WHEREAS, the board of The Omicron Delta Kappa Society, Inc. (the “Society”) and the board of The Omicron Delta Kappa Foundation, Inc. (the “Foundation”) jointly established a Commission on Alternative Governance Strategies (the “Commission”) to examine the current governance structures of both the Society and the Foundation, explore alternative governance models, and make recommendations to both boards;
WHEREAS, the Commission has presented the findings of its examination, the outline of a proposed combined alternative governance model, and a timeline for adoption (the “Alternative Governance Model”);
WHEREAS, the Alternative Governance Model involves a merger of the Foundation with and into the Society (the “Merger”) to create the Omicron Delta Kappa Society and Educational Foundation, Inc. (the “Resulting Entity”), along with amended and restated articles of incorporation and amended and restated bylaws of the Resulting Entity (the “Governance Documents”);
WHEREAS, the board of the Society believes that the Alternative Governance Model, the Merger and the Governance Documents are in the best interests of the Society and hereby recommends them to the delegates in attendance at the 2019 Omicron Delta Kappa Conclave (the “Conclave”); and
WHEREAS, the board of the Foundation believes that the Alternative Governance Model, the Merger and the Governance Documents are in the best interests of the Foundation.

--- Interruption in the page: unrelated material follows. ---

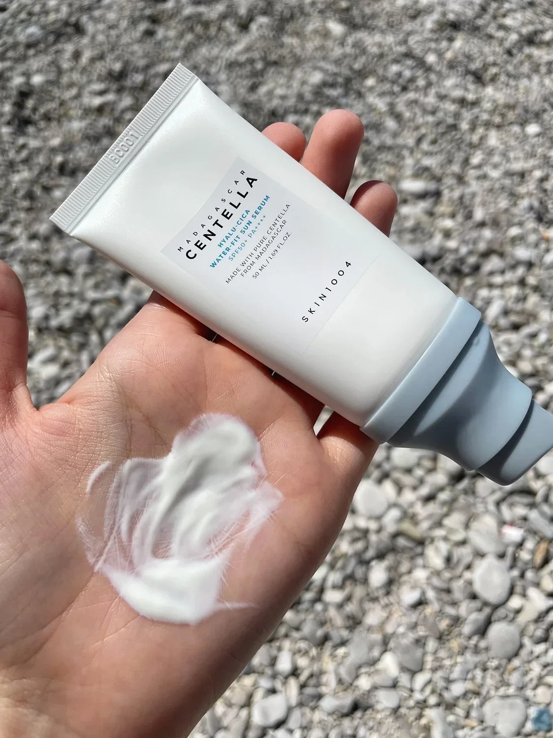 The SKIN1004 Madagascar Centella Hyalu-Cica Water-Fit Sun Serum SPF50+ PA++++ is a non-nano chemical sunscreen that blocks UV rays, while simultaneously hydrating the skin. Formulated with a golden ration of Hyaluronic Acid and Centella Asiatica Extract to soothes and replenishes hydration to dehydrated, dry and sensitive skin. The serum-like texture glides on during application without leaving any white cast.

NOW, THEREFORE, BE IT RESOLVED, that the Conclave believes that the Alternative Governance Model, the Merger and the Governance Documents are in the best of interest of the Society;
FURTHER RESOLVED, that Conclave hereby authorizes the members of the board of the Society and the members of the board of the Foundation to consummate the Merger and to adopt the Governance Documents, and to take any and all actions as the respective boards shall determine to be necessary or desirable in order to carry into effect the Merger, including, without limitation, the preparation, execution, delivery and filing of any and all documents, agreements and instruments (including the adoption of a plan of merger and the execution and filing of articles of merger with the Secretary of State of the Commonwealth of Kentucky and the Florida Department of State) and the obtaining of any and all approvals and consents that the boards may determine to be necessary or desirable, the execution and delivery by the board representatives thereof or the doing by any such representative of any act in connection with the foregoing matters shall be conclusive evidence of the necessity or appropriateness thereof;
FURTHER RESOLVED, that, in addition to the specific authorizations set forth in the foregoing resolutions, that the Commission and the officers and staff of the Society and the Foundation, and each of them hereby is, authorized and directed to do or cause to be done any and all such other acts and things, and to execute and deliver any and all such documents, papers, and instruments, as may be necessary or advisable in order to carry into effect the purpose and intention of the foregoing resolutions; and
FURTHER RESOLVED, that any and all actions taken prior to the date hereof by the Commission and any of the aforementioned officers and staff within the scope of the foregoing resolutions are hereby ratified, approved, confirmed, and adopted in all respects.